1986. 29 декабря
День смерти

Кадр из фильма "Зеркало". Из архива Госфильмофонда РФ.

В одном из интервью Андрей Тарковский говорил: «Я не мог бы жить, зная, что жизнь еще приготовила для меня. Жизнь потеряет всякий смысл… Если бы я наверняка знал, что со мной произойдет, какое значение будет иметь все? Я говорю, конечно, о своей личной судьбе… В этом незнании есть какое-то невероятное, какое-то нечеловеческое благородство, перед которым человек чувствует себя младенцем — и беззащитным, и охраняемым. Все так устроено, чтобы наше знание было неполным, чтобы не осквернить бесконечность, чтобы оставить надежду, ибо счастье заключается в незнании. Незнание благородно, знание — вульгарно»1.

Кадр из фильма “Каток и скрипка”.

Диагноз рак легких Тарковскому поставили в декабре 1985 года, но судя по дневнику, он до конца не знал о своем безнадежном положении или обманывал сам себя. Лейла Александер-Гарретт, ассистент и переводчик Тарковского на «Жертвоприношении», писала: «Он был уверен, что рак — не его болезнь. Почему-то ему казалось, что он умрет от болезни сердца или от несчастного случая. <…> Накануне рокового визита к врачу Андрею привиделось его легкое, как бы изнутри, похожее на окровавленную рваную рану. (В английском варианте дневника эта запись датирована 12 декабря 1985 года; в русском издании ее нет.) Он подробно описал, как выглядела каверна. Сон не испугал его, наоборот: он еще больше уверился, что у него острая форма туберкулеза, а не опухоль»2.

15 декабря 1985 года, уже после посещения врача, Тарковский записал в дневнике: «Человек живет и знает, что он умрет рано или позже. Но не знает, когда, и поэтому отодвигает этот момент на неопределенное время. Это помогает ему жить. А я сейчас — знаю. И ничего не может мне помочь жить. И это очень тяжело»3.

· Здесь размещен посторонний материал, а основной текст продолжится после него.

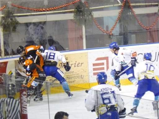 À la mi-match, un incident survient. Une charge spectaculaire sur Michael Clarke, qui le met sur le dos du Dijonnais avant de retomber lourdement, énerve le défenseur de Tours, qui vient asséner un coup de poing. Il sort, avec 5 minutes de pénalité majeure, 20 minutes pour piquage et 2 minutes pour dureté... Dijon va jouer en supériorité pendant 7 minutes ! Russo sort plusieurs arrêts et trois minutes sont tuées, avant de s'incliner sur un tir en lucarne de Kristin (4-2 à 32'46"). Et l'écart fond...
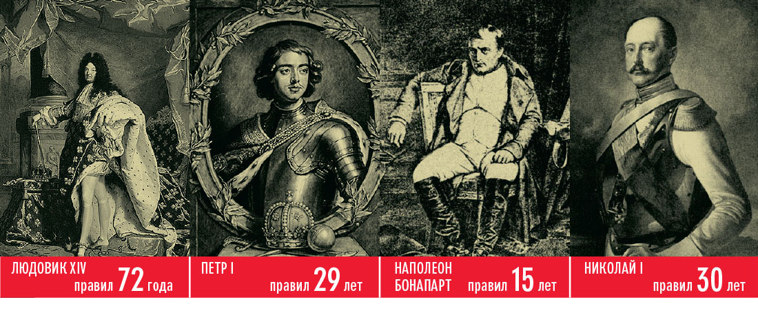 Скромнее стали и сроки правления. Единоличный протекторат Оливера Кромвеля, узурпировавшего власть после Английской революции, длился всего-то пять лет (1653–1658). Наполеон Бонапарт с момента переворота 18-го брюмера пробыл единоличным правителем Франции около 15 лет. Его племянник Луи Наполеон III, время которого стало символом расцвета коррупции и произвола «новых богатых» во Франции, находился у власти в общей сложности 22 года (1848–1870). В итоге дело кончилось первым приходом немцев в Париж.

Во Франции его лечил муж актрисы Марины Влади онколог Леон Шварценберг. Летом 1986 года Тарковский лежал в антропософской клинике в Эшельбронне под Баден-Баденом, где его почти никто не навещал. Немецкий режиссер-документалист Эббо Демант, снимавший о Тарковском документальный фильм, писал в сценарии: «Он был здесь очень одинок. Никто не говорил на его языке. Жена привезла его сюда и больше не показывалась. Но он и хотел этого одиночества — быть с самим собой. Он радовался пластинкам, которые я приносил ему, погружался в музыку: Бах, Бах, Бах и ничего больше. Итальянские газеты он перелистывал безо всякого интереса. Он вновь и вновь требовал литературу периода немецкой романтики — те немногие переводы на русский, которые можно было раздобыть. Его знакомые в Париже распространяли слухи, что он чувствует себя значительно лучше. Да и какой продюсер, какая студия будет финансировать смертельно больного человека…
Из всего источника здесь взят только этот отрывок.